Eles poderiam tirar qualquer coisa de mim.. Menos a lembrança mais concreta que eu tinha do Andy! Foi besteira minha pensar que eles não iriam querer tirar isso de mim também. Eu chorava e riam mais ainda, dizendo que aquilo não era roupa de menina. "Deve ter sido a moeda de troca dela, depois de dar pra algum cara!!", "Olha isso, tem uma foto no bolso!!", "Quem é esse?! É com ele que você vai pra cama, sua porca?!".
As vozes deles não saem da minha cabeça até hoje, muito menos a cena de um deles rasgando a foto do Andy, enquanto o outro vestia o casaco.
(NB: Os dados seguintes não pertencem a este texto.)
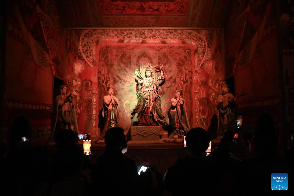 An immersive drama titled "Ancient Sound of Dunhuang" is staged for guests attending the Global Mayors Dialogue -- Dunhuang event, in Dunhuang, northwest China's Gansu Province, Oct. 12, 2025. (Xinhua/Fan Peishen)

Com raiva, me levantei tentando arrancar o casaco de volta, mas obviamente não consegui, me empurraram de novo e eu torci o pé.
Depois que eles foram embora, resolvi ficar no estacionamento de um hospital. Era coberto e relativamente seguro. Acho que fiquei uns três dias escondida lá. Nem a fome, nem o frio, nem a sede me deixavam pior do que imaginar algo que era do Andy nas mãos deles... e longe de mim.